* **What is required**: Output everything in the data exactly, leaving the pictures out.

* **Supplied data**:
----
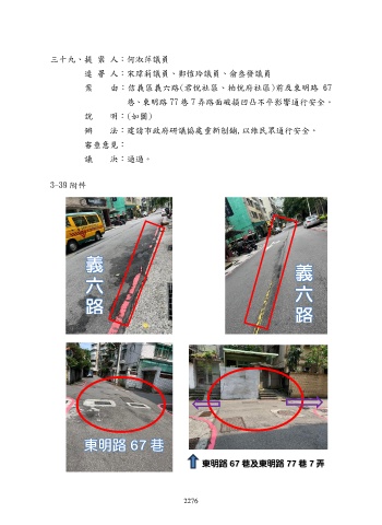 三十九、提 案 人〆何淑萍議員 連 署 人〆宋瑋莉議員、鄭愷玲議員、俞叁發議員 案 由〆亯義區義六路(君悅社區、柏悅府社區)前及東明路 67 巷、東明路 77 巷 7 弄路面破損凹击不帄影響通行安全。 說 明〆(如圖) 辦 法〆建請市政府研議協處重新刨鋪,以維民眾通行安全。 審查意見〆 議 決〆通過。 3-39 附件 東明路 67 巷及東明路 77 巷 7 弄 2276
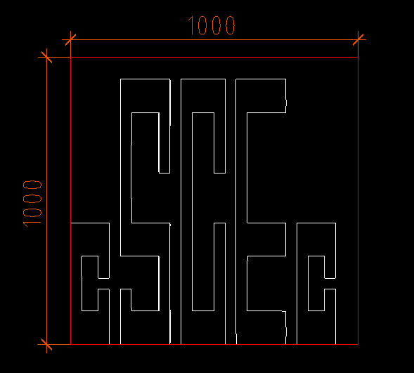 在CAD中打开上一步保存的DXF文件,根据需求缩放图像,这里缩放到1m*1m,如图所示。
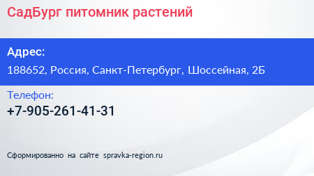 СадБург, питомник растений по адресу 188652, Россия, Санкт-Петербург, Шоссейная, 2Б в дальнейшем Организация, размещена в следующих категориях:
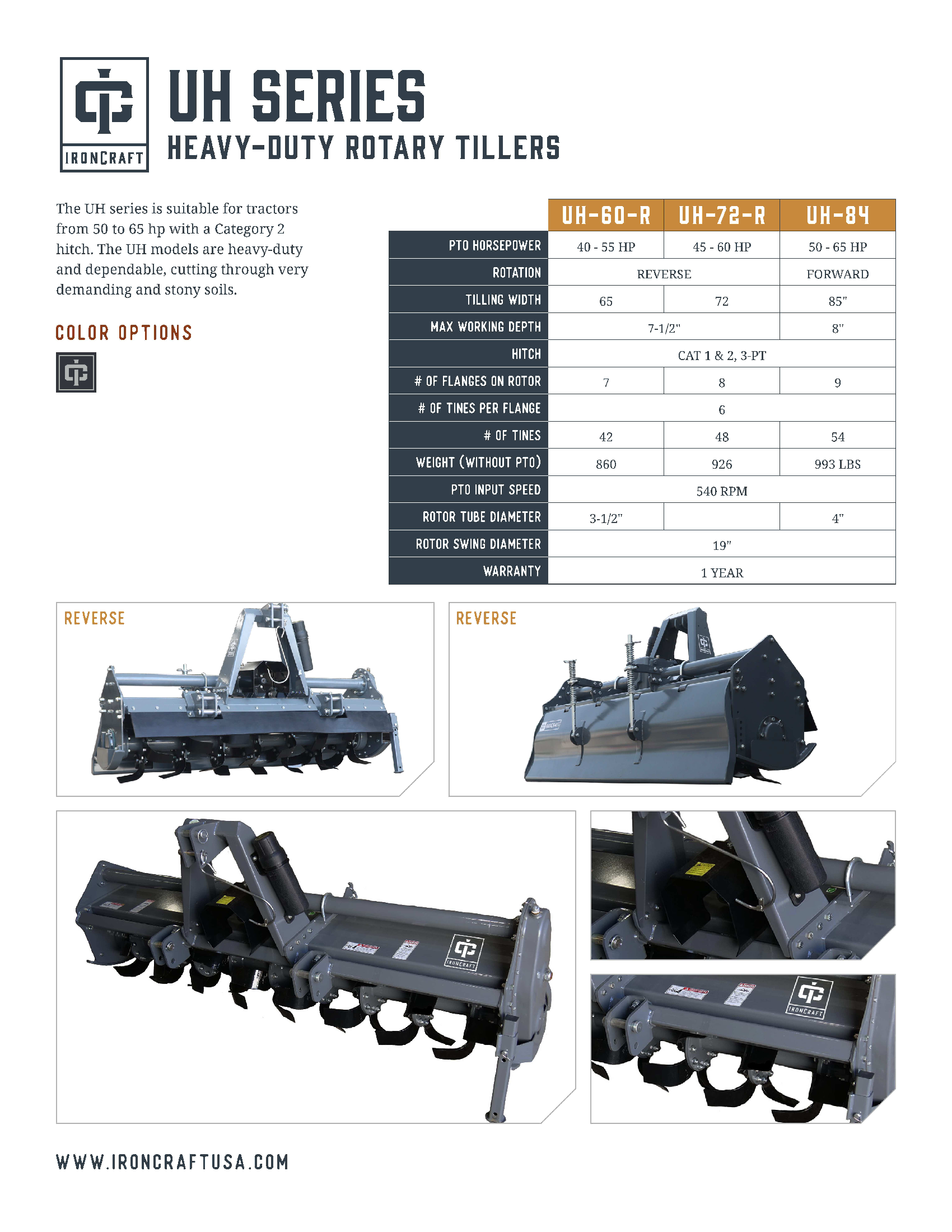 The UH series is suitable for tractors from 50 to 65 hp with a Category 2 hitch. The UH models are heavy-duty and dependable, cutting through very demanding and stony soils.
----
* **Answer box**:
 三十九、提 案 人〆何淑萍議員 連 署 人〆宋瑋莉議員、鄭愷玲議員、俞叁發議員 案 由〆亯義區義六路(君悅社區、柏悅府社區)前及東明路 67 巷、東明路 77 巷 7 弄路面破損凹击不帄影響通行安全。 說 明〆(如圖) 辦 法〆建請市政府研議協處重新刨鋪,以維民眾通行安全。 審查意見〆 議 決〆通過。 3-39 附件 東明路 67 巷及東明路 77 巷 7 弄 2276
 在CAD中打开上一步保存的DXF文件,根据需求缩放图像,这里缩放到1m*1m,如图所示。
 СадБург, питомник растений по адресу 188652, Россия, Санкт-Петербург, Шоссейная, 2Б в дальнейшем Организация, размещена в следующих категориях:
 The UH series is suitable for tractors from 50 to 65 hp with a Category 2 hitch. The UH models are heavy-duty and dependable, cutting through very demanding and stony soils.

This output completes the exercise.